Song by Roger Waters featuring Shakira, Eric Clapton, Gustavo Cerati, Pedro Aznar
- Recorded: 2008
- Genre: Rock opera; folk;
- Length: 13:00

= The Child Will Fly =

Song by Roger Waters, Gustavo Cerati, Shakira, Eric Clapton, Pedro Aznar

"The Child Will Fly" is an unreleased charity song by English musician Roger Waters featuring Shakira, Eric Clapton, Gustavo Cerati, and Pedro Aznar. The song was written for the ALAS Foundation by Waters and Cerati. Recorded in 2008, the song leaked in early 2014 and a few months later a fanmade music video for the song went viral.

== Background and composition ==

"It's a 13-minute, mile-long song with a very Floyd-esque feel, like the harmonies. But there are a good number of guests, so I don't know where it's going to end up."
— — Roger Waters on "The Child Will Fly".

"The Child Will Fly" was recorded in New York City in 2008 for and about the Latin American non-profit children's ALAS Foundation. It is by English musician Roger Waters, and features four other musicians: Colombian Shakira, Argentine Gustavo Cerati and Pedro Anzar, and English Eric Clapton; all members of the foundation. Cerati and Aznar stayed at Waters' home during the recording process, recording their parts first, and later were recorded those of Shakira and Clapton. The song leaked online in early 2014 and is amongst the last songs Cerati recorded before falling into a coma.

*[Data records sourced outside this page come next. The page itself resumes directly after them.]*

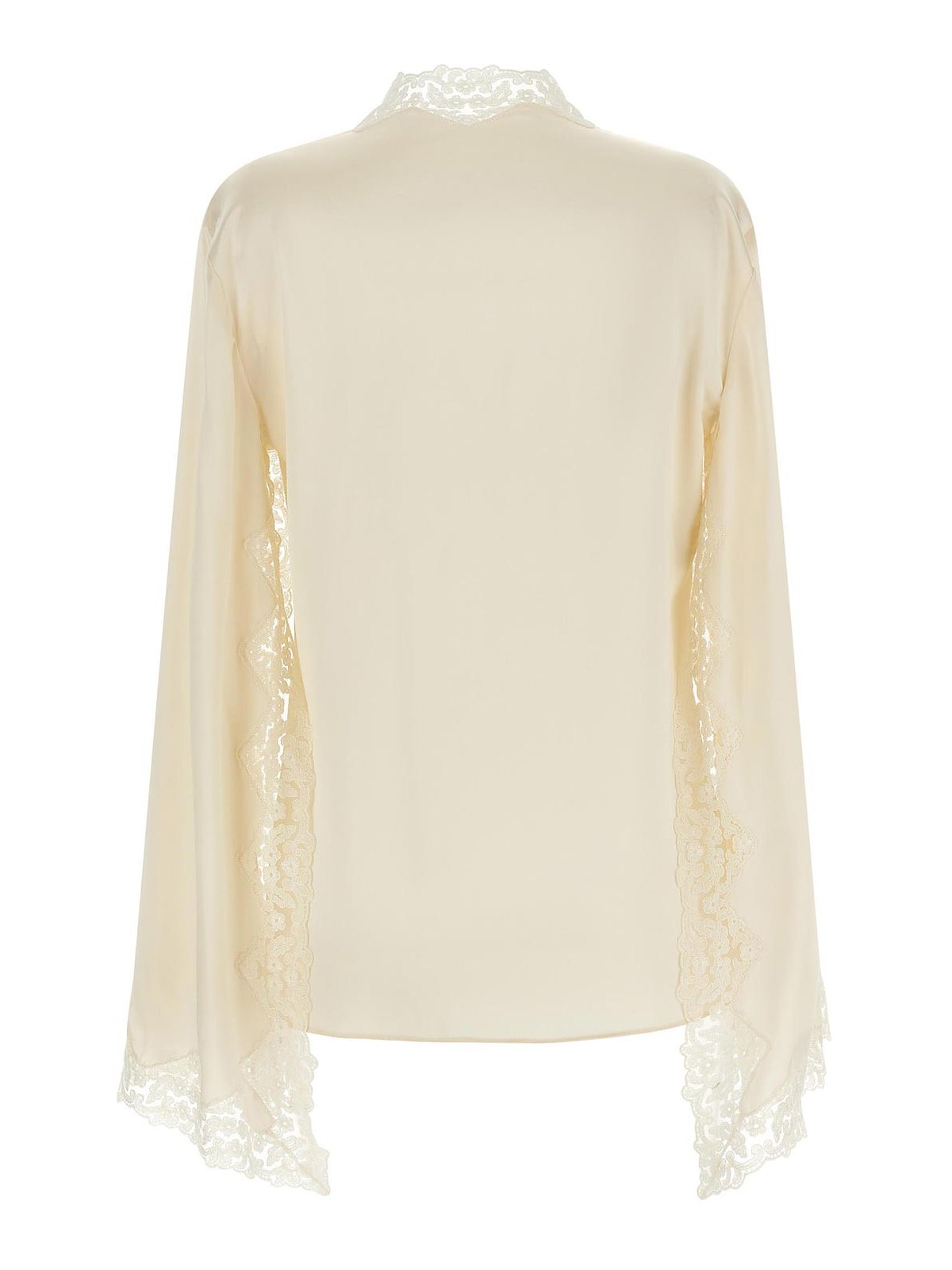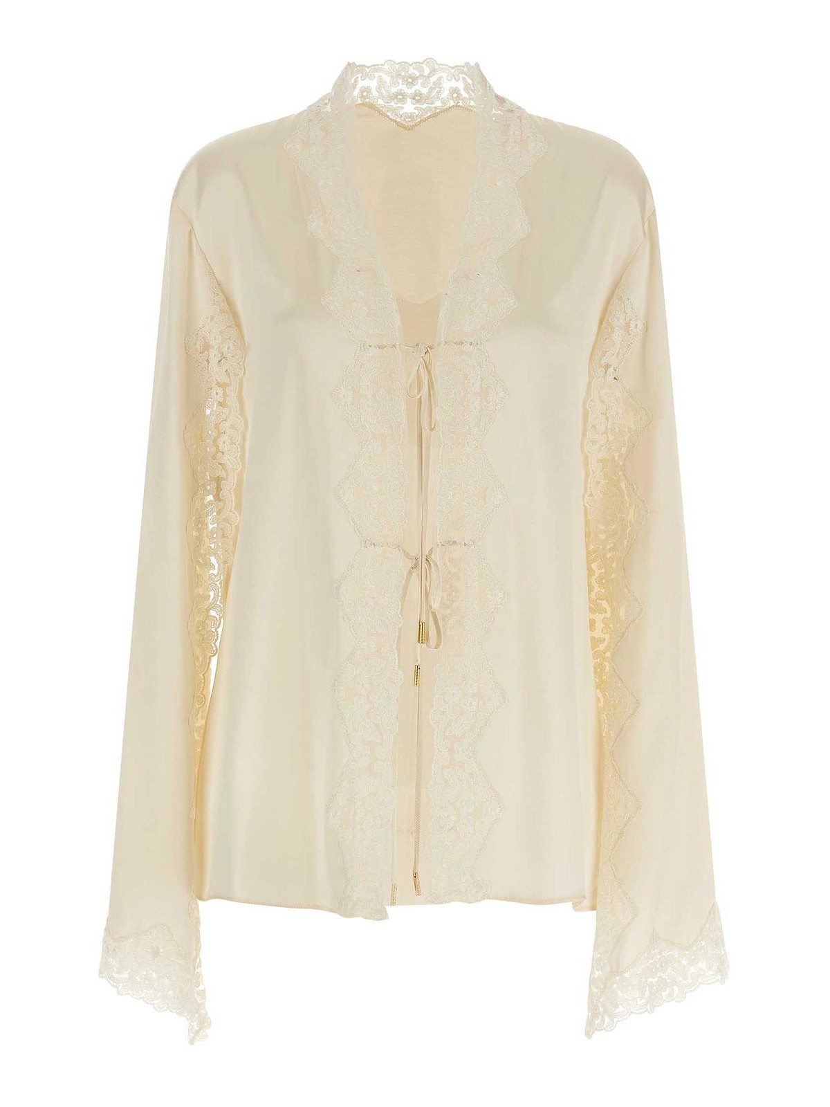 Glänzendes Satinhemd mit farblich abgestimmten Spitzeneinsätzen im Morgenmantel-Stil mit Schnürsenkeln an der Vorderseite und langen Cape-Ärmeln.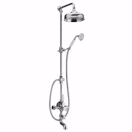 Victorian 592 är ett komplett badkars- och duschset som kombinerar klassisk design med moderna funktioner. Setet är utrustat med en termostatblandare och en generös taksil på 20 cm som ger en behaglig duschupplevelse. För ökad flexibilitet ingår även en handdusch med hållare som monteras på det uppåtgående röret. Victorian 592 är ett utmärkt val för dig som vill ha en klassisk badrumslösning med både badkarspåfyllning och dusch i ett och samma set.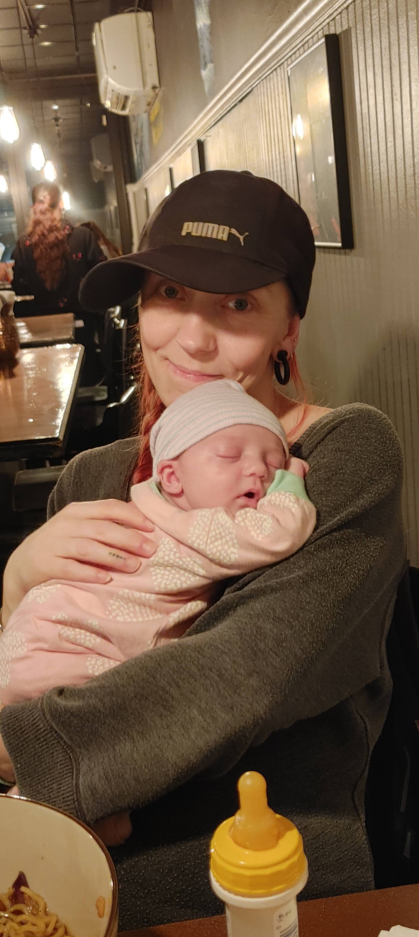 Black and white pencil drawing of a mother holding her sleeping newborn baby.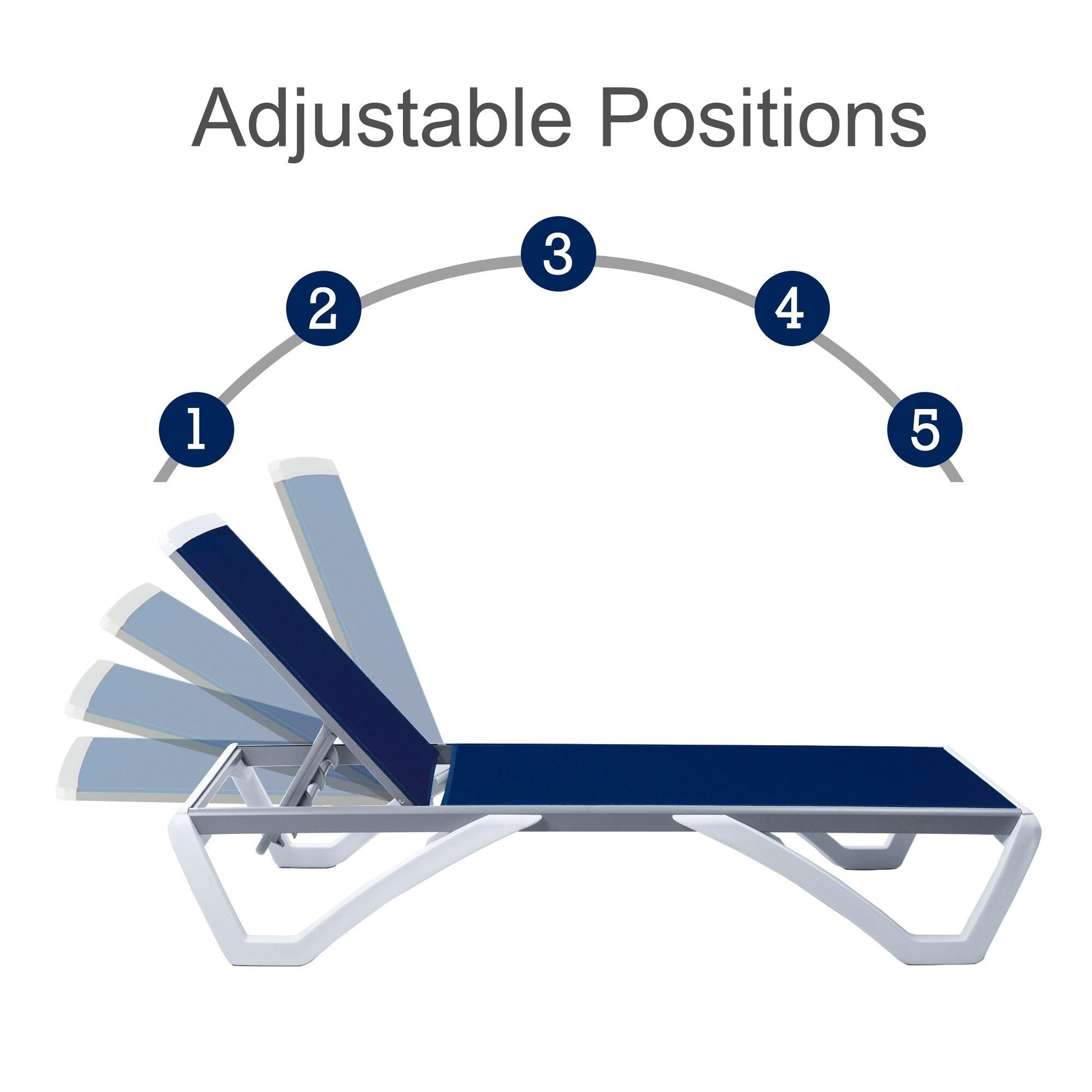 - CONFORTABLE : La toile épouse les formes du corps et ses alvéoles permettent une bonne aération même par forte chaleur. Le dossier réglable offre cinq niveaux de confort personnalisés ; vous pouvez même vous allonger sur le ventre pour profiter du soleil.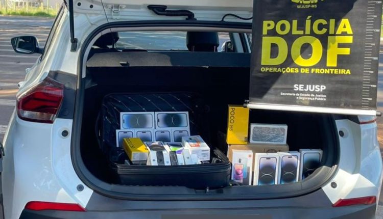 Policiais do DOF (Departamento de Operações de Fronteira) apreenderam na sexta-feira (21), uma carga de celulares e outros produtos paraguaios, avaliada em R$ 350 mil, na MS-164, zona rural de Ponta Porã. O material era transportado em um veículo GM Tracker, locado.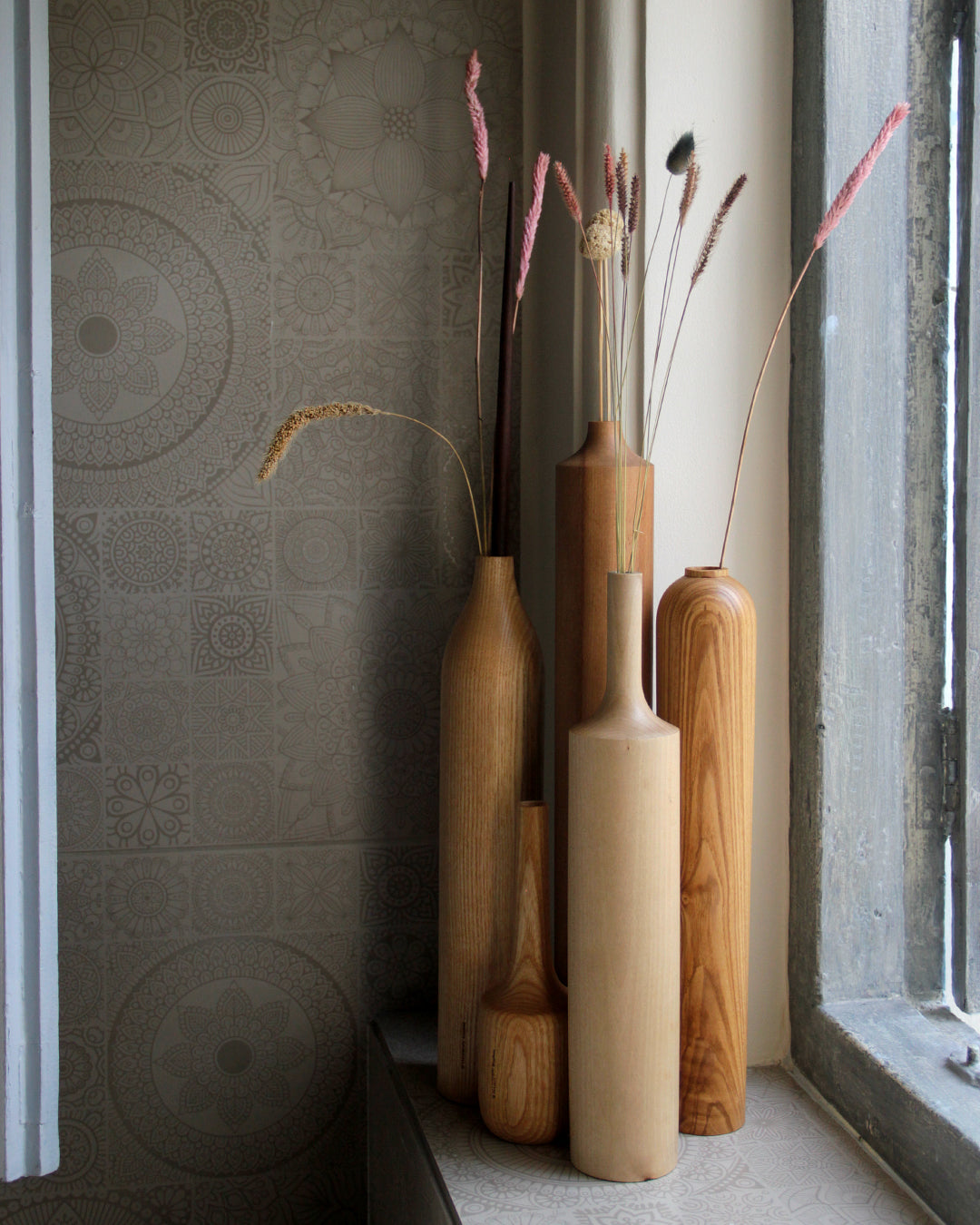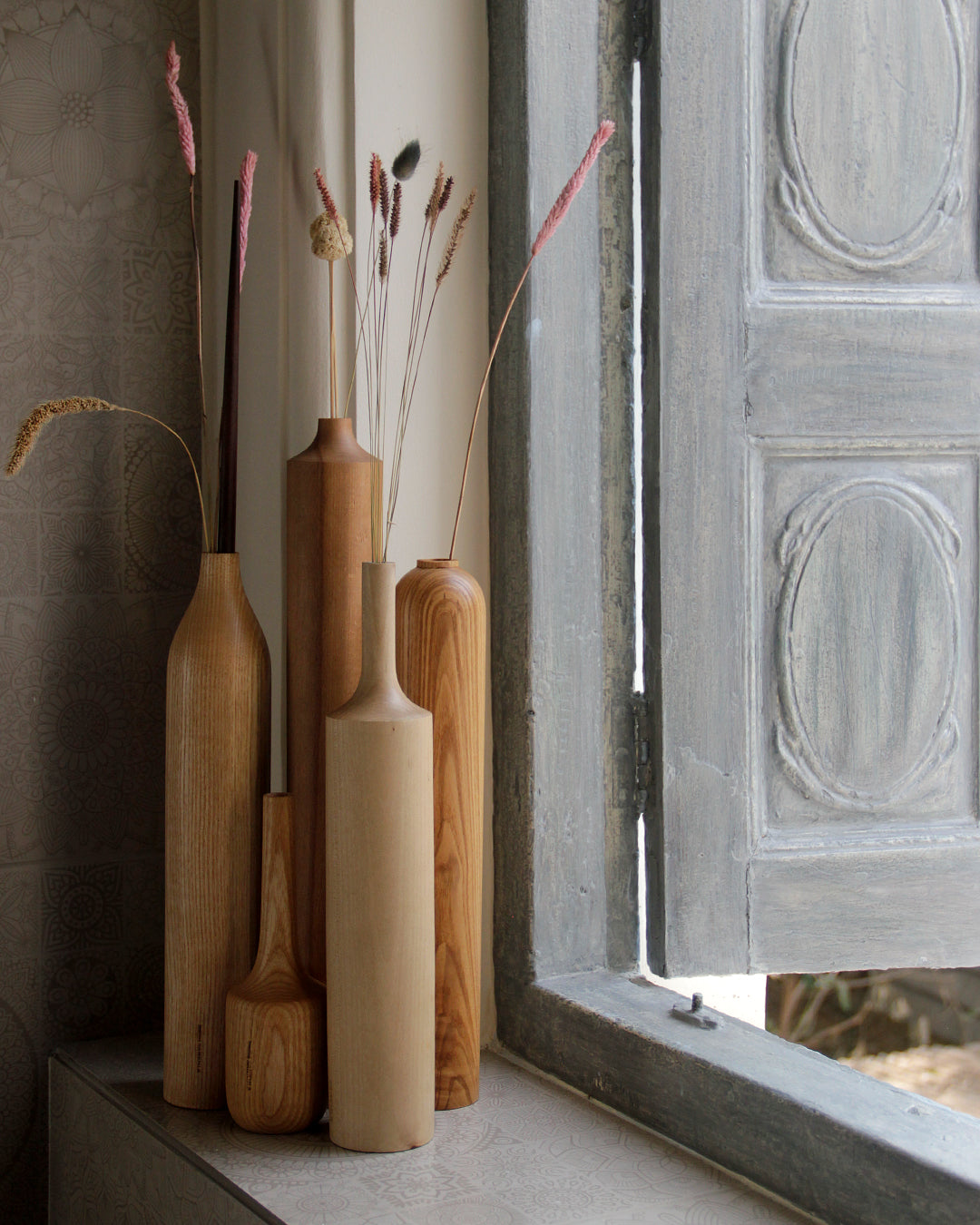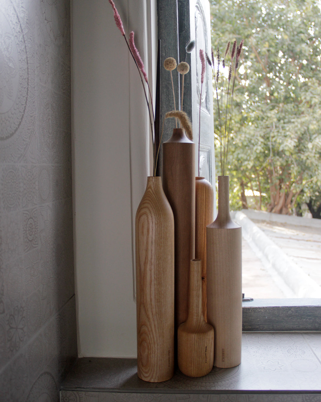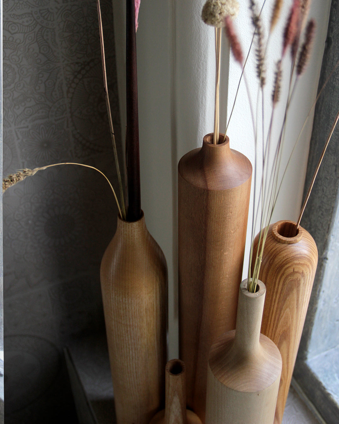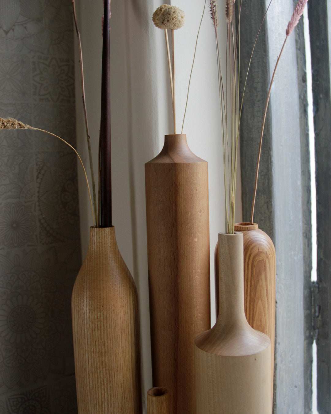A set of dried flower vases in Sycamore, White Ash, Teak and White Beech. Creating a light palette in the interiors, with forms inspired by the lines and curves. A set of bottle neck and round necks complementing each other. These vases reveal their soul in the hard material that forms them and in the harmonious encounter between seemingly simple geometric shapes, which make the entire design contemporary.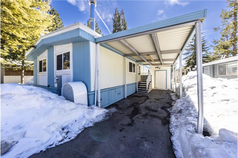 Affordable large 2 bedroom 2 bathroom home located in the city of South Lake Tahoe. Open kitchen to the family room. Slider off of the family room to a nice sized covered front porch. Big living room / dining room combo. Seperate laundry room. 2 car tandem carport. Oversized shed for all your seasonal storage items. Space rent is $725 monthly. Outdoor pool, indoor saunas and clubhouse. Conveniently located to the lake, hiking, biking, shopping and restaurants, ski resorts and the casinos.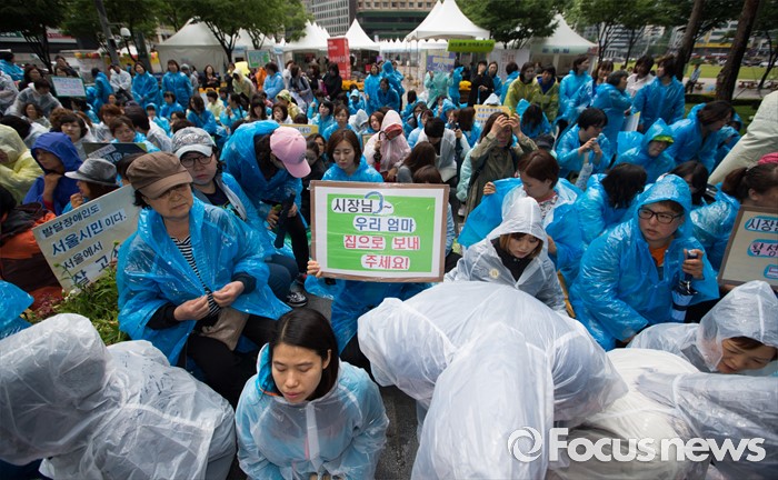 (서울=포커스뉴스) 24일 오전 서울 중구 서울시청 앞에서 열린 '서울시 발달장애인 부모 무기한 삭발결의 선포 기자회견'에 전국장애인부모연대 회원들이 참석하고 있다.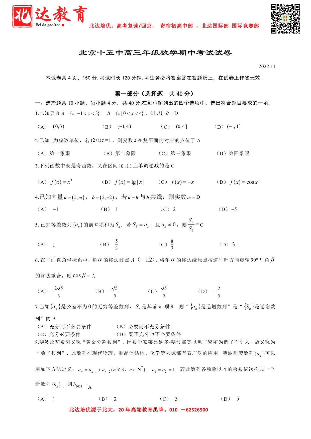 2022-2023学年北京海淀区高三期中考试与11月1日开考,北京admw360教研组收集整理了2022-2023学年北京十五中高三期中数学试题及答案,一起来看看。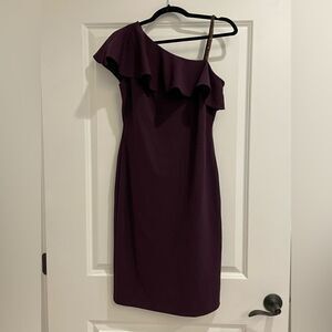 EUC Ralph Lauren Cocktail Dress Embellished Strap Ruffle Aubergine Sz. 4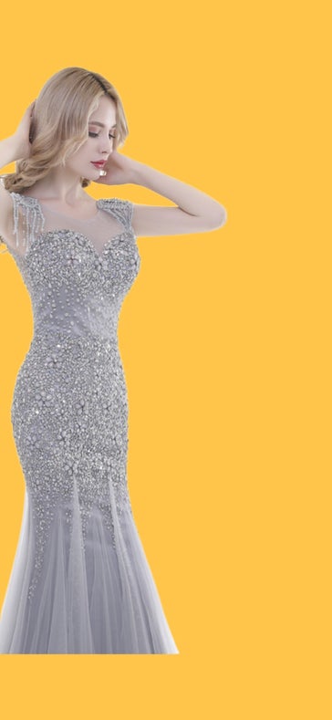Elegant shiny platinium sequin banquet dress. Item number 020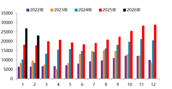 需求端:本年1-2月新能源汽车产量同比下跌8.8%,但由于近期出口证据超预期,重迭汽车带电量擢升以及重卡渗入率在提高,是以咱们保管能源耗锂量20%的增速预期;储能方面,1月寰球储能电芯市集接续高景气态势,头部储能电芯厂产能运用率保管高位,地缘政事导致市集能源转型需求更加遑急,但短期地缘政事减速以致远离了部分中东地区部分储能名堂的投放,暂保管岁首关于储能出货量增速的预期不变。

"The Child Will Fly" is a rock opera and South American folk song with a runtime of 13 minutes and has socially charged lyrics. Waters refers to Latin American children, singing about their potential to become figures like Gardel or Gabriel García Márquez if they receive the help they need to "fly". Shakira and Cerati sing in Spanish; her lyrics include references to the favelas of Rio de Janeiro, while his mention the Peruvian Andes. In the instrumental, Clapton is on a guitar solo while Aznar is playing other instruments.

MMX described how “The Child Will Fly” showcases music’s ability to connect artists globally for important causes, in this case uniting talented musicians to promote child development and well-being in Latin America and the Caribbean.

== Music video ==
An unofficial fanmade music video for "The Child Will Fly" uploaded to YouTube in May 2014 was being shared widely on the web, drawing significant attention to the song. The video features clips filmed in Buenos Aires, Argentina for the song, and directed by Argentine Diego Kaplan. It shows Waters' 2012 visit to the Villa 31 slum in Buenos Aires, where he had a music workshop where he together with children made percussion instruments from scavenged garbage, such as water bottles and trash cans, and played them. Kaplan told local media after filming with Waters for five hours, "He's an exceptional person and human being, I have no words to describe it."